3.2 Subject to clause 3.4, all Customer Data is and shall remain the property of Customer. You hereby grant to Provider a non-exclusive and non-transferable right and licence during the term of the Agreement to store, access, retrieve and process Customer Data as necessary to provide the Service, monitoring the use of the Service, improving or enhancing the Service and other services offered by Provider or its Affiliated Entities.
3.3 To the extent that you use any Linked Product in conjunction with the Services, you represent and warrant that your use of the Linked Product is in compliance with any terms associated therewith between Customer and the relevant third parties and that you shall only use a Linked Account that is yours. Provider has no responsibility or liability with respect to any Linked Account.

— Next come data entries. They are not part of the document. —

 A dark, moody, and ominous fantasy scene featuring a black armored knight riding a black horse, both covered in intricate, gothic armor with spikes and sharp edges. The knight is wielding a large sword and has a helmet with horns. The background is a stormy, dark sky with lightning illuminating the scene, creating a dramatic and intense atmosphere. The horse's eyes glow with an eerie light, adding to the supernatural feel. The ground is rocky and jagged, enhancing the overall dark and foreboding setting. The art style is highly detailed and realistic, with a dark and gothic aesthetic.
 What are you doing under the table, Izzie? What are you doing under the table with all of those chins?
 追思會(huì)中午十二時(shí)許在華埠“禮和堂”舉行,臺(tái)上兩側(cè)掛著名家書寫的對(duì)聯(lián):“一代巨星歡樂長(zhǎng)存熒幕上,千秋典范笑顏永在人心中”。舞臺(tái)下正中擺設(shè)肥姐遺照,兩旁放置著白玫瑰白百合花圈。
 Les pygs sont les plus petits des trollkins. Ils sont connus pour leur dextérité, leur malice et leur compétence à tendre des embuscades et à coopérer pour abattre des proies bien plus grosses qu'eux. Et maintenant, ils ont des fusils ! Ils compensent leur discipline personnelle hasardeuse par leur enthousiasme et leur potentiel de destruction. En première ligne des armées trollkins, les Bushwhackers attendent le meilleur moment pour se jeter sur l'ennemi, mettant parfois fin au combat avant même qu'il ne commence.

3.4 You acknowledge and agree that any Feedback will be the sole and exclusive property of the Company and you hereby irrevocably assign to us any right, title and interest in and to all Feedback.
- Fees and Payments
4.1 Provider may charge a fee for certain aspects and / or features of the Services, subject to an Order Form or statement of work, where applicable. Customer shall pay all fees as they are stated in the applicable Order Form or statement of work, in addition to all applicable tax.

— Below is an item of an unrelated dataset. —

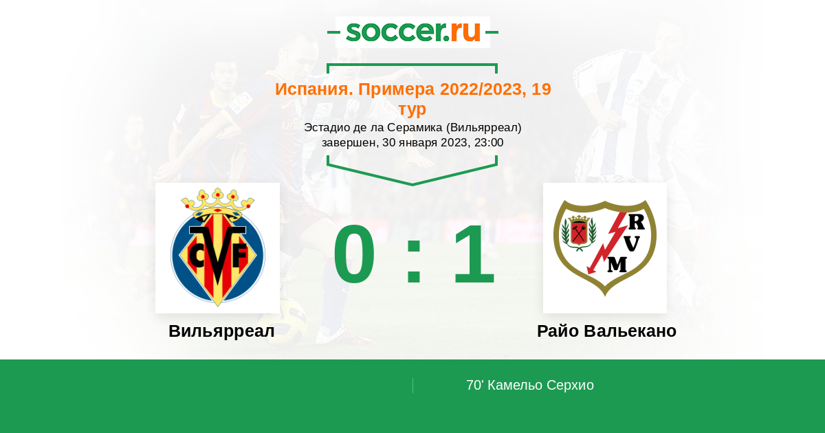 70' (0:1) Камельо Серхио (34) (Трехо Оскар (8))
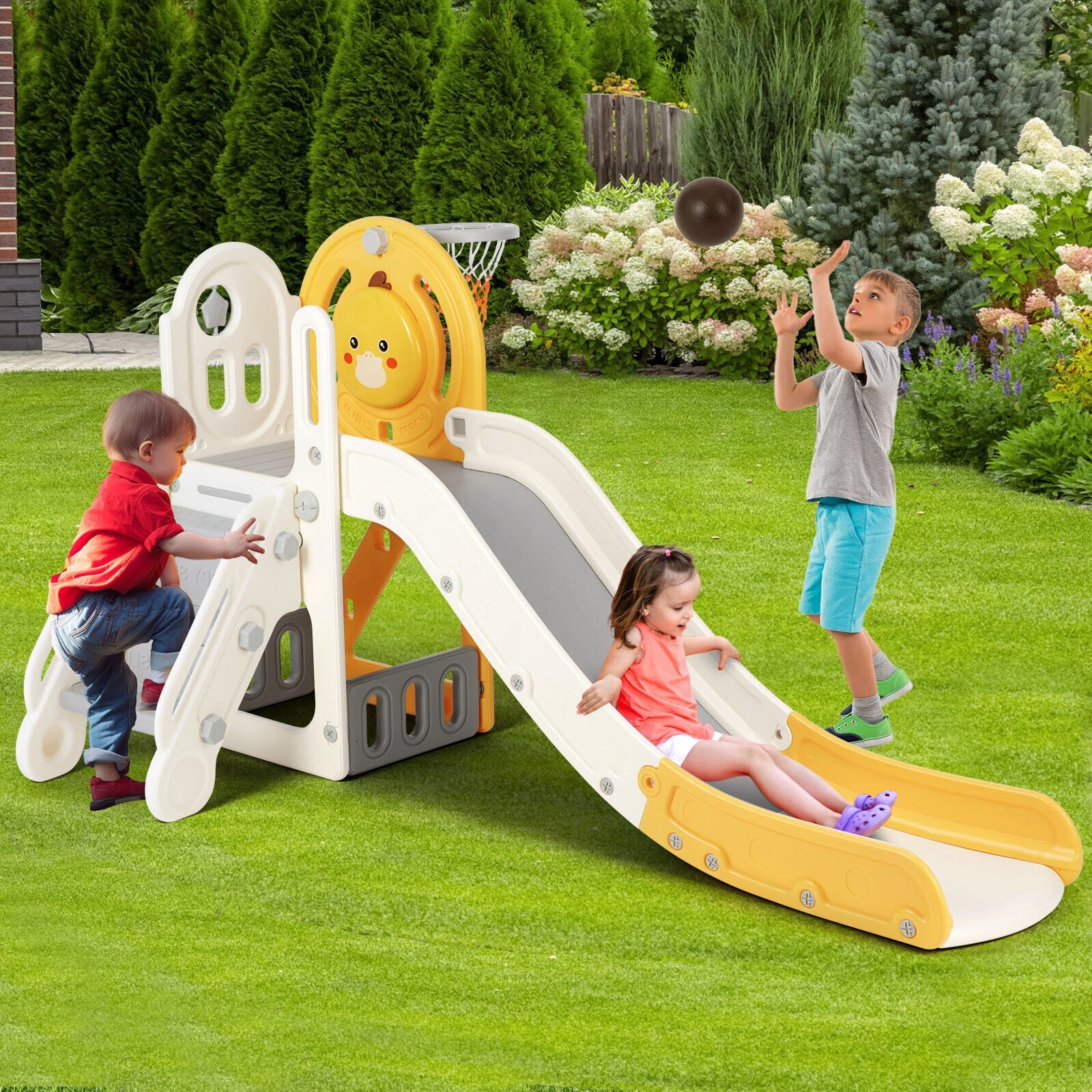 Crafted from safe, eco-friendly HDPE material. Our High-quality Kids Slide is not just a slide, it's a pathway to cherished memories. Picture their gleeful smiles as they conquer the gentle slope, practice their basketball skills, and explore the cute duck-themed design. It's more than a playset. It's a journey of growth, laughter, and precious moments. Make your child's childhood unforgettable with this heartfelt gift.

4.2 Metrics is a free service and Provider shall not charge any fee for Metrics or the Content. In the event that there is a tax burden as a result of Customers use of Metrics (“Tax Liability”), Customer shall bear the Tax Liability in full and make Provider whole to the extent of the Tax Liability. Failure to remit any applicable Tax Liability to the Provider within a reasonable period may result in access to Metrics being temporarily suspended until the liability is paid in full.
4.3 Any Fee charged by Provider may be grossed up by any corporate withholding taxes that are applicable in the country of payment of Customer, such that Provider receives the full amount due after the deduction of withholding tax. To the extent it is available, Provider will supply a tax residence certificate in order for Customer to either reduce or mitigate the withholding tax under an applicable tax treaty between Provider and Customer's countries of tax residence.
4.4 If the Customer fails to make a payment due to Provider under this Agreement by the due date then, without limiting Provider's remedies under this Agreement, Customer shall pay interest on the overdue sum from the due date until payment of the overdue sum, whether before or after judgement. Interest under this clause will accrue each day at 4% a year above the Bank of England's base rate from time to time, but at 4% a year for any period when that base rate is below 0%.
- Termination
5.1 Unless otherwise stated in an Order Form or statement of work, either party may terminate this Agreement at any time by giving the other party at least 30 days’ prior notice in writing.
5.2 Either party may terminate this Agreement by immediate notice in writing to the other if:
(i) the other party commits a material breach of any term of this agreement and fails to remedy that breach within a period of 14 days after being notified to do so;
(ii) the other party repeatedly breaches any of the terms of this agreement in such a manner as to reasonably justify the opinion that its conduct is inconsistent with it having the intention or ability to give effect to the terms of this agreement;
(iii) any consent, licence or authorisation held by the other is revoked or modified such that the other is no longer able to comply with its obligations under the Agreement or receive any benefit to which it is entitled;
(iv) There is suspected fraudulent / criminal activity or non-compliance with the AUP by the Customer.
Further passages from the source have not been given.